The court reviewed Honda’s objections to the expert’s testimony and disagreed with its arguments that said the testimony was unreliable because he failed to review specifications of the vehicle’s design, and that he was not qualified because he had never worked for a vehicle manufacturer or parts supplier. But the expert had multiple fire investigator certificates and many years of experience in the field when he testified. The court found that his theory of a misaligned connection in the wiring was not unreliable and that the testimony of another Briarwood expert demonstrated that a high-resistance connection could continue increasing amperage up the battery’s limit, a hundred times greater than minimum necessary to start a glowing connection. As to Honda’s contention that the expert didn’t review the vehicle’s design specifications and could not opine on the existence of a manufacturing defect.

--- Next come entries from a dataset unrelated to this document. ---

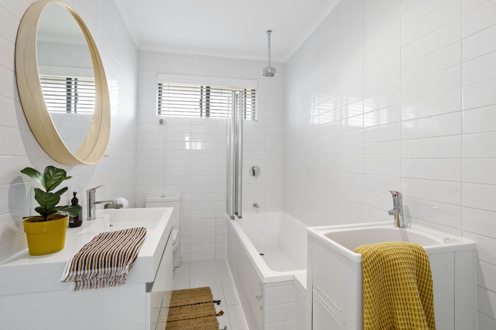 A refreshing sunlit interior proceeds you through a well-planned entrance hallway layout that separates a nice eat in kitchen away from a spacious living room & centres a swishly renovated bathroom that will easily meet your demands of having a deep bath tub, total privacy and laundry facilities away from the two mirrored robe bedroom retreats.
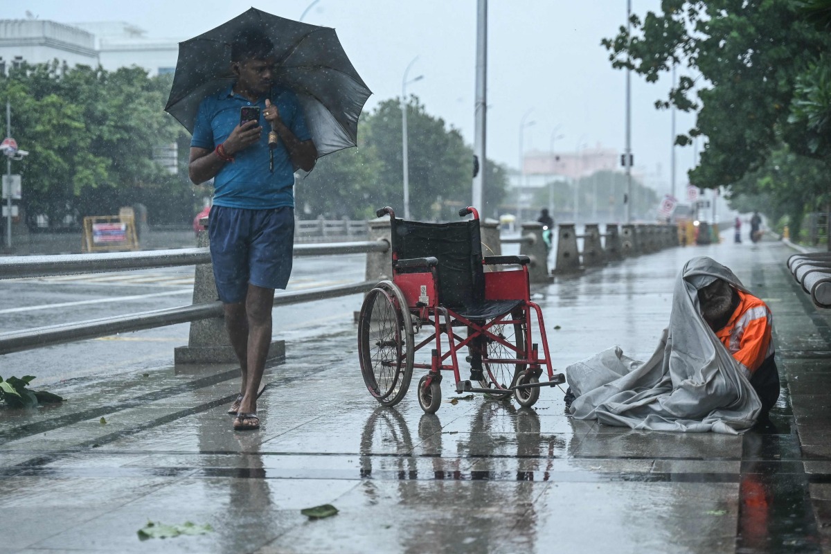A physically challenged man sits on a footpath amid heavy rainfall in Chennai on November 30, 2024, ahead of the landfall of cyclone Fengal in India's state of Tamil Nadu. (Photo by R.Satish BABU / AFP)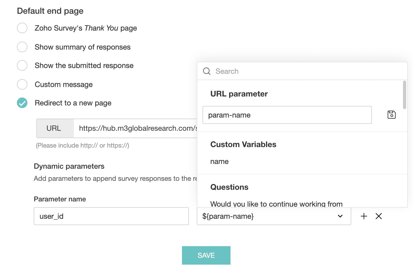 - Enter the parameter name. For example, you can pass a URL parameter in the survey URL shared with your respondent. If you want the data passed on to the survey URL to be shown under the redirect URL, you can add it directly as a parameter name here.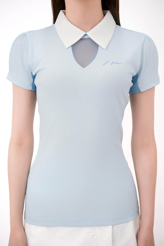 シースルーネック・ハーフスリーブTシャツ(SkyBlue)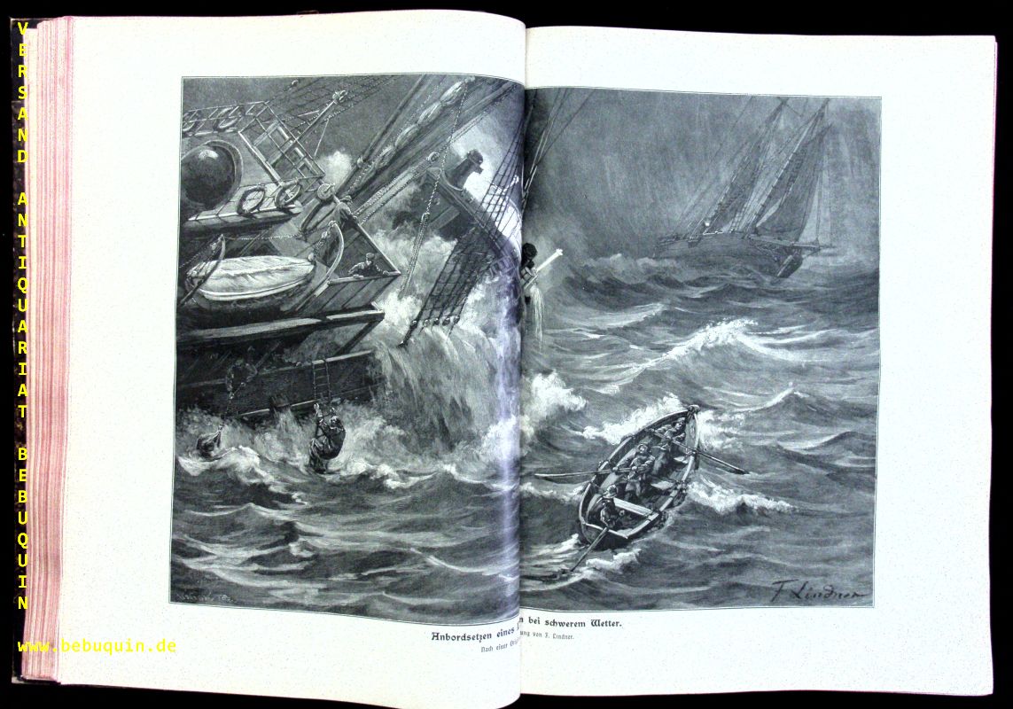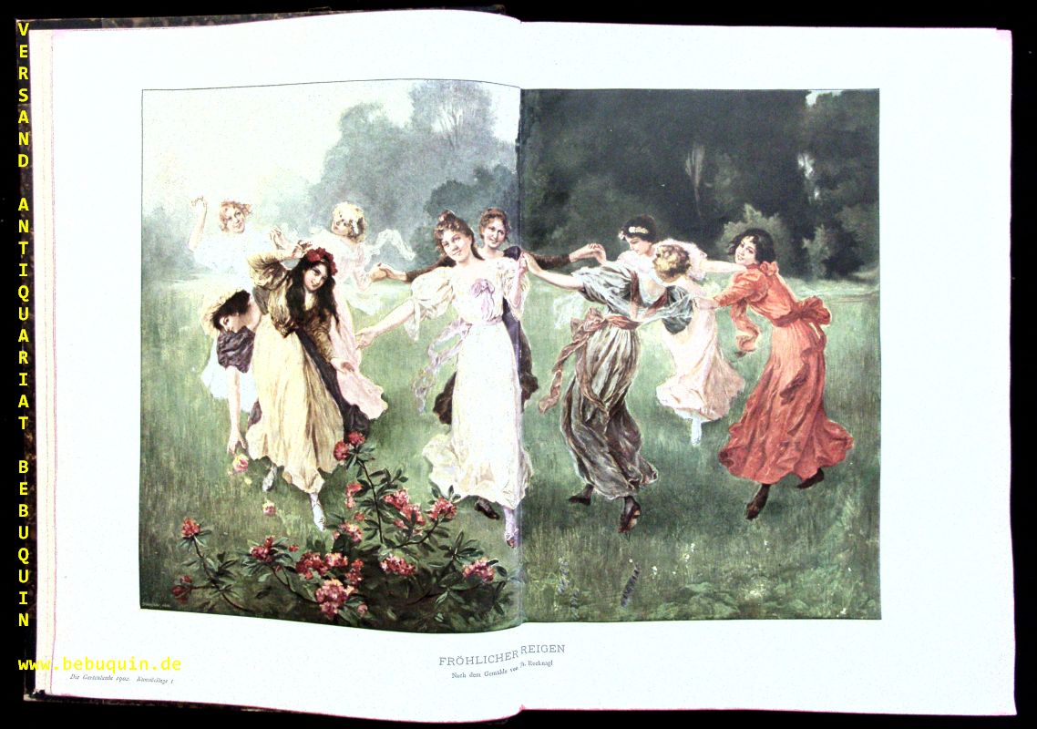 DIE GARTENLAUBE.– Illustriertes Familienblatt. Jahrgang 1902. Leipzig (Keil), 1902. 4°. VI, 905 S. mit zahlr. Textabb. + vielen teils farb. teils doppelblattgroßen Bildtafeln HLdr der Zeit mit goldgeprägtem Rücken. Kanten berieben, eine Lage lose, sonst gut erhalten. = 50. Jg. Die Textbeiträge sind u. a. von Paul Heyse: Die Ärztin, und von W. Heimburg: Sette Oldenroths Liebe. Die Kunsttafeln sind u. a. von Hans Thoma, R. H. Armbruster, Th. Recknagl und G. Conz.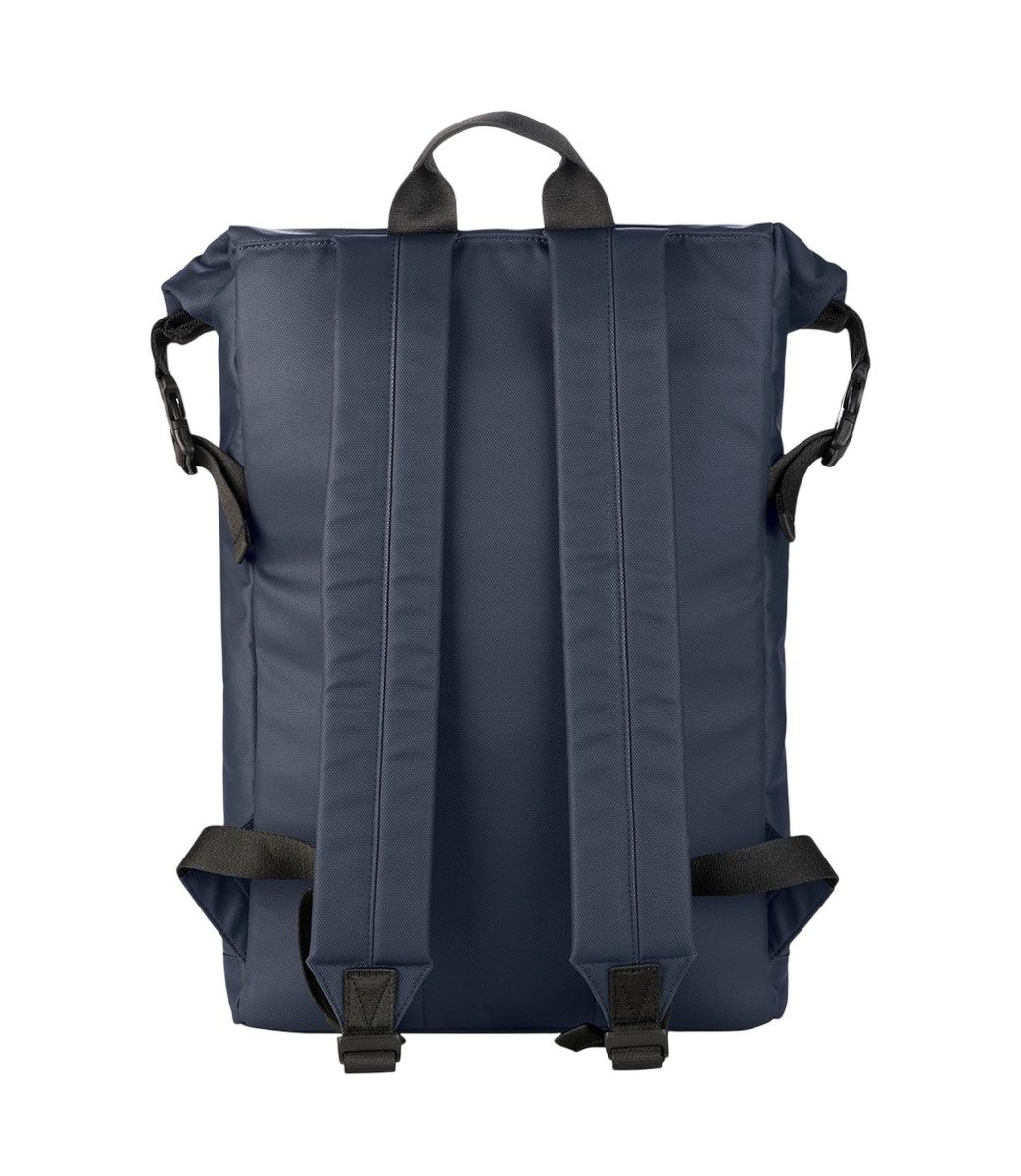Рюкзак із застібкою roll-top для ноутбуків до 15.6" і MacBook до 16", виготовлений із переробленої водостійкої тканини з покриттям. Рюкзак Rollo має великий основний відділ, внутрішню кишеню для ноутбука, зовнішню кишеню для аксесуарів та м’які регульовані лямки, що забезпечують комфорт і зручність як для роботи, так і для відпочинку.

The court rejected that argument as well, holding that the jury could ‘reasonably conclude that a high-resistance connection in the bus of the fuse box was an unreasonably dangerous deviation from the vehicle’s specifications, and that the connection’s high resistance causes its parasitic draw to increase to at least 4-6 amperes necessary to start a glowing connection and ignite the surrounding material.”

However, just when it appeared that the court would pour out Honda entirely, it agreed with Honda that the trial court reversibly erred in admitting the expert’s previously undisclosed opinion testimony “identifying a specific improper connection between two wires as a manufacturing defect and the cause of the fire.” TRCP 193.5 requires a party to make an amended or supplemental response “reasonably promptly after the party discovers the need for it,” but in no case less than 30 days before trial. Failure to timely amend or supplement the deposition or written report of a retained expert precludes a party from introducing the undisclosed material in evidence, unless the party shows, and the trial court finds, “that there was good cause for the failure to timely amend or supplement the information, or that the failure will not unfairly surprise or unfairly prejudice the other parties.” Here, the court ruled, disclosure of the photograph was mandatory under the rule because “at trial, [the expert] purported to do what he previously claimed was impossible. Rather than maintaining that the fire had destroyed the evidence, he instead singled out a single photograph, opining that it depicted the specific defect caused the fire. Given [the expert’s] prior testimony, American Honda could not have anticipated this reversal of [the expert’s] position and the need to prepare a rebuttal of [the expert’s] characterization of the photograph at issue.” The court characterized this testimony as a “surprise attack,” not, as Briarwood argued, “an expansion of his already disclosed testimony which faulted the fuse box for the fire.

Turning to Briarwood’s argument that its non-disclosure didn’t unfairly surprise or prejudice Honda, the court determined that it did just that. No other evidence offered at trial directed the jury to a specific cause for the fire. The court found that Briarwood’s failure to disclose this information prevented American Honda from preparing rebuttal testimony. Furthermore, by the time the company moved for a new trial, Honda produced another photograph from the record that contradicted the expert’s claim of a specific wiring defect. Put another way, “the case turned on [the expert’s] previously undisclosed opinion that a particular photograph depicted the specific high-resistance connection that caused the fire.” The court thus determined that the erroneous admission probably caused the rendition of an improper verdict. The court reversed the judgment and remanded for new trial.

TCJL Legal Intern Haden Knobloch researched and prepared the first draft of this article.